TensorRT used lots of memory when loading model files

I’m using a Orin NX 16G device, with Ubuntu 20.04 and TensorRT 8.5.2.
I noticed that the memory usage are quite high when loading 3 TRT model files.

Here the memory includes host memory and device memory.
I use “top” command to watch the host memory, and use jtop to watch the device memory, they both have a high value (Host: 2.3G, Device: 1.2G), and even more higher on some other test devices(Host: 3.4G, Device: 1.8G).

The TRT model files are quite small, they are all less than 5M, and I tried to convert the FP16 and INT8 variants but the memory usage still keep the same level.

My code is quite simple, just a createInferRuntime and then deserializeCudaEngine.

I don’t quite understand why the memory usage is so high, and is there any thing I can do to reduce the memory(both Host and Device) usage.

Thanks a lot.

Hi,

Usually, the memory is used for loading the required memory. Ex, cuDNN.
You can try to infer the model without cuDNN to save the memory.

More information can be found in the below document:
https://docs.nvidia.com/deeplearning/tensorrt/developer-guide/index.html#memory-runtime-phase

Our trtexec also supports the feature:

$ /usr/src/tensorrt/bin/trtexec --tacticSources=-cudnn -...

Thanks.

Hi, I tried your solution, but it seems not work. The memory usage has no change at all.

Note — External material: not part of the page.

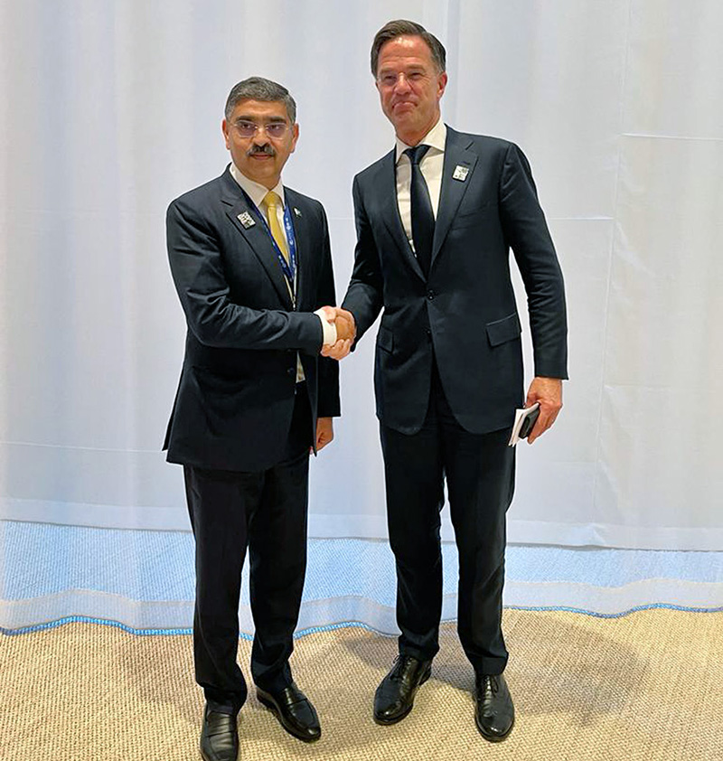 Caretaker Prime Minister Anwaar-ul-Haq Kakar meets the Prime Minister of Netherlands Mr. Mark Rutte on the sidelines of the high level segment of the UN’s 28th Conference of Parties

And I tested another case, I run process A, after a while, I run A again, two processes run at the same time, I watch the two processes’ memory usage.
They use almost the same memory(host and device).

It seems that the cudnn or other tensor libraries are not shared between processes, in my test cases, the first A process should already loaded all the necessary libraries, second A process should not load these libraries again, but seems it’ not true.

Any thing I did wrong or there is other method I can try ?

Thanks a lot.

Hi,

Have you tried to run the models in the same process?
Since Jetson cannot share the CUDA context between processes, each process needs to load the library on its own.

Thanks.

If I infer the model without cuDNN and cuBLAS, will the infer speed be slower than before ?
I can NOT accept the result if the infer speed is too slow.

Thanks.

Hi,

The answer depends on the layers you used in the model.
It’s recommended to evaluate it with trtexec directly.

Thanks.

This topic was automatically closed 14 days after the last reply. New replies are no longer allowed.